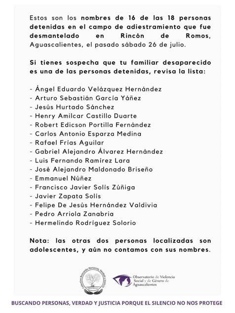 La Fiscalía General del Estado investiga un posible vínculo entre los 18 sujetos detenidos el pasado sábado 26 de julio en un presunto campamento delictivo en Rincón de Romos y al menos cuatro personas reportadas como desaparecidas en la entidad Durante el operativo conjunto del Ejército, la Guardia Nacional y policías estatales, además de los detenidos, se aseguraron armas largas de uso exclusivo del Ejército, chalecos tácticos, municiones e incluso un lanzagranadas, por lo que los detenidos fueron turnados a la Fiscalía General de la República (FGR) al tratarse de un delito federal. En un llamado dirigido a colectivos de búsqueda y a las familias afectadas, la Fiscalía exhortó a quienes tengan un familiar desaparecido a presentarse cuanto antes en sus oficinas para colaborar en el proceso de identificación. Asimismo, se trabaja en coordinación con organismos civiles para intercambiar información y esclarecer si estos cuatro casos derivaron en desaparición forzada o si, por el contrario, las personas en cuestión se integraron voluntariamente a la delincuencia organizada . La Fiscalía reiteró que continuará ampliando las indagatorias, y que cualquier hallazgo se dará a conocer a la brevedad para garantizar justicia y dar respuestas a las familias.
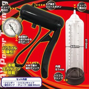 ハロー、みんな!「マックスポンプG」は、アダルトグッズの中でもとっても強力な吸引力で、毎日のトレーニングにぴったりなんだよ!この商品は、手で持って簡単に使えるグリップ式の吸引力で芯から強く、たくましくしてくれるんだ!シリンダーにはメモリがついていて、どれだけサイズアップしたのか一目瞭然だよ。さらに、圧力ゲージもあるので、管理しやすくて安心だね。商品のサイズは、内径57mm/全長210mmだよ。
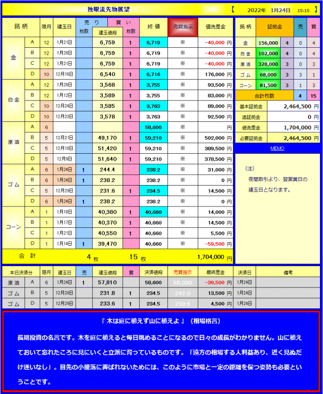 1月24日(月)本日の売買とポジション
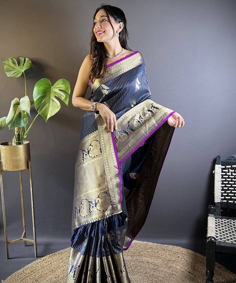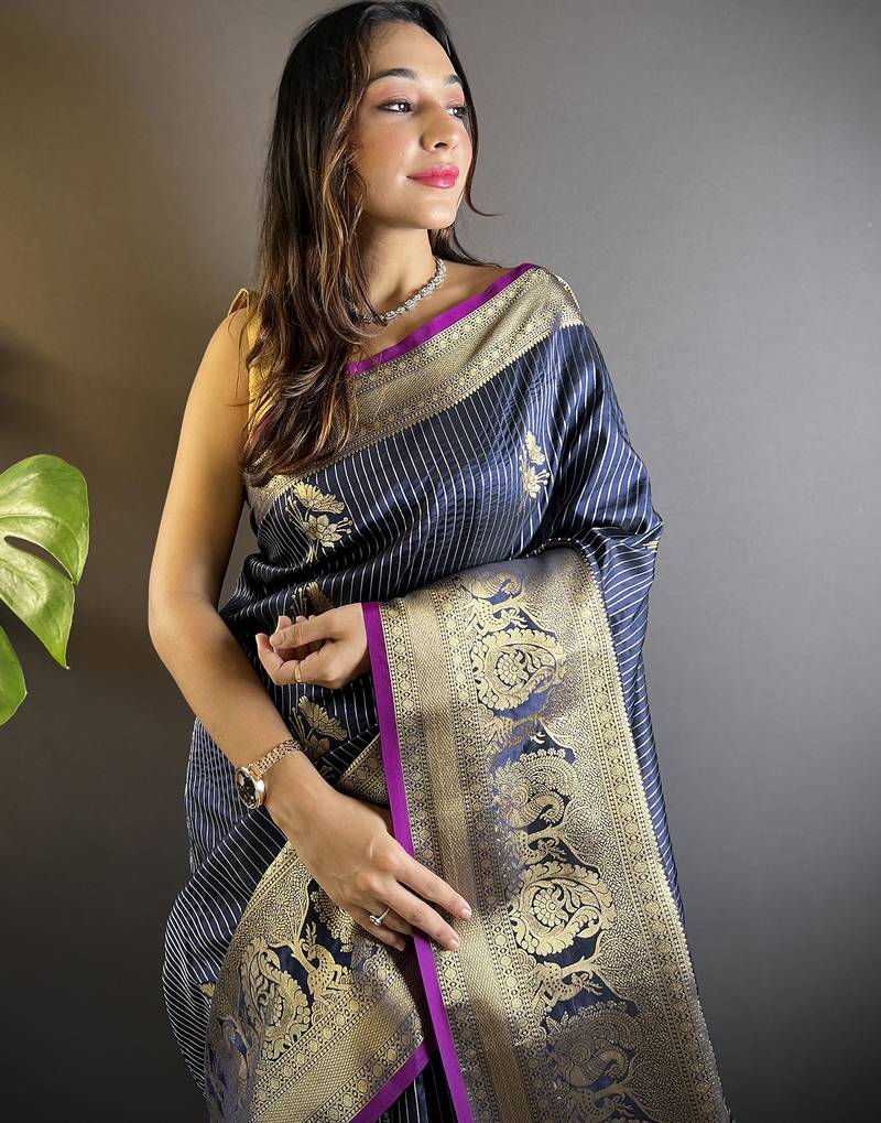 Striped with floral motifs navy blue soft silk blend leheriya saree
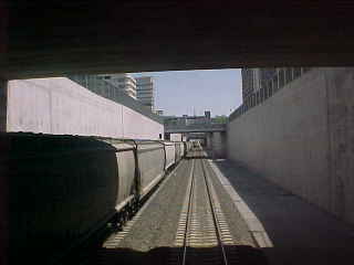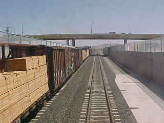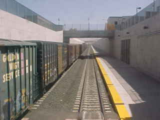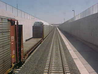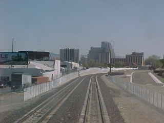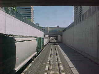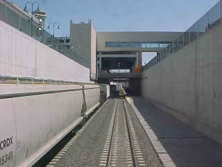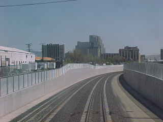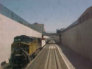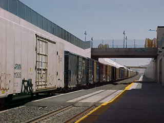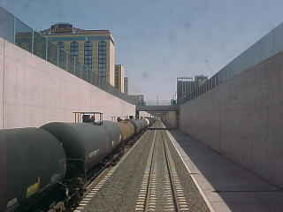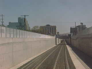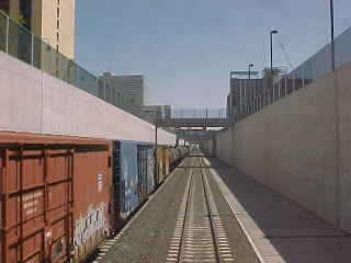 An eastbound freight was waiting for us to clear with its tail still in the trench as we started our descent into there. Reno is situated on a major rail corridor linking west coast ports, especially the Port of Oakland, to inland destinations. Prior to the Reno Transportation Rail Access Corridor (ReTRAC) project, dual mainline, at-grade rail tracks passed directly through the City's downtown, creating a number of concerns. By depressing a 2.25-mile downtown stretch of the rail corridor into a 1.75-mile-long, 54-foot-wide by 33-foot-deep trench, the ReTRAC project resolved numerous environmental, public health, and safety issues. An adjacent access road, relocation of the City's Amtrak station, and utility relocation was also included in the project.
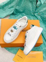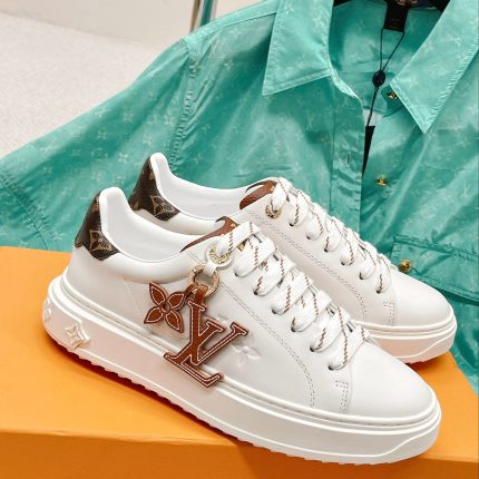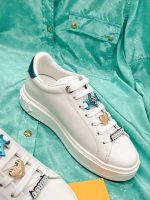 这款版本的 Time Out 运动鞋采用光滑面料制成,背面饰有饰边。鞋面饰有三种不同的蕾丝配饰:Monogram Flower、刻有 LV 的心形和多彩的 Louis Vuitton 签名。它们为这款标志性设计带来珍贵、俏皮的感觉,并因其时尚的加高外底而闻名。
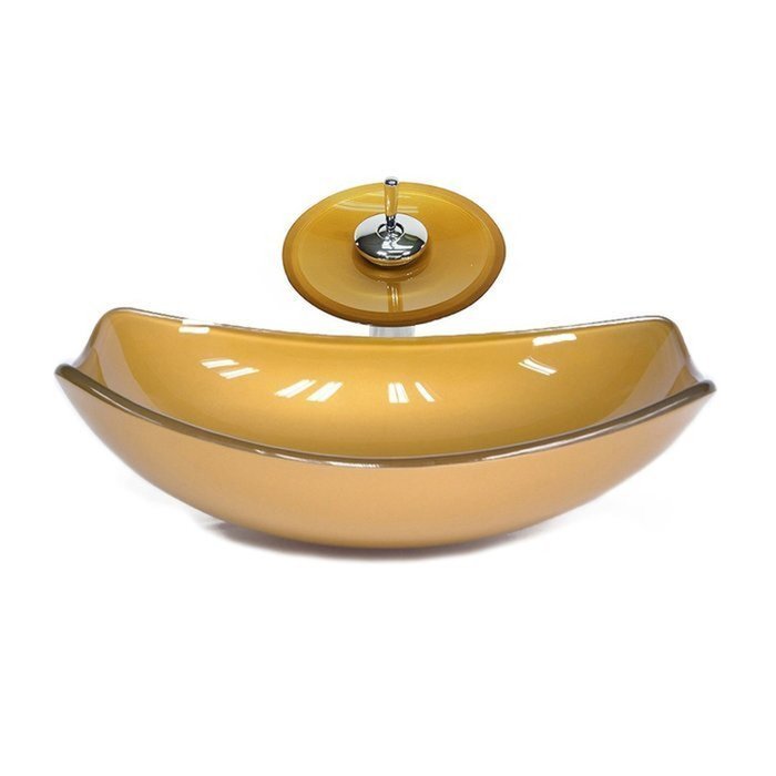 Cuba de Vidro Oval Chanfrada 51cm + Valvula + Torneira Cascata Dourado Real
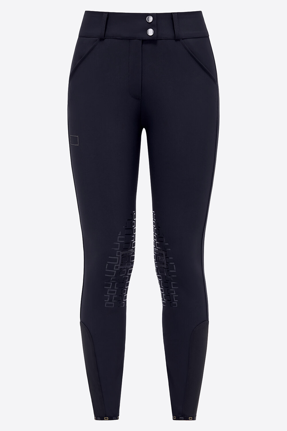 Questi pantaloni da salto sono realizzati in tessuto tecnico bi-stretch e presentano un grip tono su tono all'altezza del ginocchio per garantire la giusta aderenza alla sella. La speciale caratteristica di questo modello è il grip nascosto all'interno della cintura, perfetto per aderire meglio alla tua camicia. Presenta una chiusura con zip sul davanti rinforzata da doppio bottone e ampi passanti per essere indossato comodamente con la cintura.Il calzino nella parte finale del pantalone avvolge il polpaccio sotto lo stivale ed ha un'azione traspirante.La rifinitura con logo RG stampato a contrasto conferisce al capo un look moderno.Disponibile in vari colori.
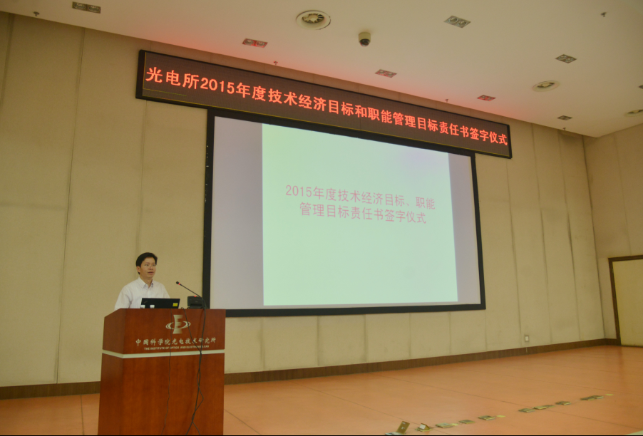 党委书记杨虎在会上讲话。他首先强调了签订技术经济目标和职能管理目标责任书的必要性。他说,年度责任目标是我所长期战略目标的微观体现,年度重点工作是实现光电所整体目标的阶段性推进动作;同时,根据年度责任目标完成情况,可有效检视我所本年度在科研创新和职能管理等方面的效果,为来年工作目标的设定提供前期情况评估参考,从而使光电所总体目标能够有条不紊地制定,并得到后期修订和有力落实,由此形成一套健全完善的良性循环系统。

Task to complete:
Word for word, quote the full listing, omitting every picture.

Your solution:
 La Fiscalía General del Estado investiga un posible vínculo entre los 18 sujetos detenidos el pasado sábado 26 de julio en un presunto campamento delictivo en Rincón de Romos y al menos cuatro personas reportadas como desaparecidas en la entidad Durante el operativo conjunto del Ejército, la Guardia Nacional y policías estatales, además de los detenidos, se aseguraron armas largas de uso exclusivo del Ejército, chalecos tácticos, municiones e incluso un lanzagranadas, por lo que los detenidos fueron turnados a la Fiscalía General de la República (FGR) al tratarse de un delito federal. En un llamado dirigido a colectivos de búsqueda y a las familias afectadas, la Fiscalía exhortó a quienes tengan un familiar desaparecido a presentarse cuanto antes en sus oficinas para colaborar en el proceso de identificación. Asimismo, se trabaja en coordinación con organismos civiles para intercambiar información y esclarecer si estos cuatro casos derivaron en desaparición forzada o si, por el contrario, las personas en cuestión se integraron voluntariamente a la delincuencia organizada . La Fiscalía reiteró que continuará ampliando las indagatorias, y que cualquier hallazgo se dará a conocer a la brevedad para garantizar justicia y dar respuestas a las familias.
 ハロー、みんな!「マックスポンプG」は、アダルトグッズの中でもとっても強力な吸引力で、毎日のトレーニングにぴったりなんだよ!この商品は、手で持って簡単に使えるグリップ式の吸引力で芯から強く、たくましくしてくれるんだ!シリンダーにはメモリがついていて、どれだけサイズアップしたのか一目瞭然だよ。さらに、圧力ゲージもあるので、管理しやすくて安心だね。商品のサイズは、内径57mm/全長210mmだよ。
 1月24日(月)本日の売買とポジション
 Striped with floral motifs navy blue soft silk blend leheriya saree
 An eastbound freight was waiting for us to clear with its tail still in the trench as we started our descent into there. Reno is situated on a major rail corridor linking west coast ports, especially the Port of Oakland, to inland destinations. Prior to the Reno Transportation Rail Access Corridor (ReTRAC) project, dual mainline, at-grade rail tracks passed directly through the City's downtown, creating a number of concerns. By depressing a 2.25-mile downtown stretch of the rail corridor into a 1.75-mile-long, 54-foot-wide by 33-foot-deep trench, the ReTRAC project resolved numerous environmental, public health, and safety issues. An adjacent access road, relocation of the City's Amtrak station, and utility relocation was also included in the project.
 这款版本的 Time Out 运动鞋采用光滑面料制成,背面饰有饰边。鞋面饰有三种不同的蕾丝配饰:Monogram Flower、刻有 LV 的心形和多彩的 Louis Vuitton 签名。它们为这款标志性设计带来珍贵、俏皮的感觉,并因其时尚的加高外底而闻名。
 Cuba de Vidro Oval Chanfrada 51cm + Valvula + Torneira Cascata Dourado Real
 Questi pantaloni da salto sono realizzati in tessuto tecnico bi-stretch e presentano un grip tono su tono all'altezza del ginocchio per garantire la giusta aderenza alla sella. La speciale caratteristica di questo modello è il grip nascosto all'interno della cintura, perfetto per aderire meglio alla tua camicia. Presenta una chiusura con zip sul davanti rinforzata da doppio bottone e ampi passanti per essere indossato comodamente con la cintura.Il calzino nella parte finale del pantalone avvolge il polpaccio sotto lo stivale ed ha un'azione traspirante.La rifinitura con logo RG stampato a contrasto conferisce al capo un look moderno.Disponibile in vari colori.
 党委书记杨虎在会上讲话。他首先强调了签订技术经济目标和职能管理目标责任书的必要性。他说,年度责任目标是我所长期战略目标的微观体现,年度重点工作是实现光电所整体目标的阶段性推进动作;同时,根据年度责任目标完成情况,可有效检视我所本年度在科研创新和职能管理等方面的效果,为来年工作目标的设定提供前期情况评估参考,从而使光电所总体目标能够有条不紊地制定,并得到后期修订和有力落实,由此形成一套健全完善的良性循环系统。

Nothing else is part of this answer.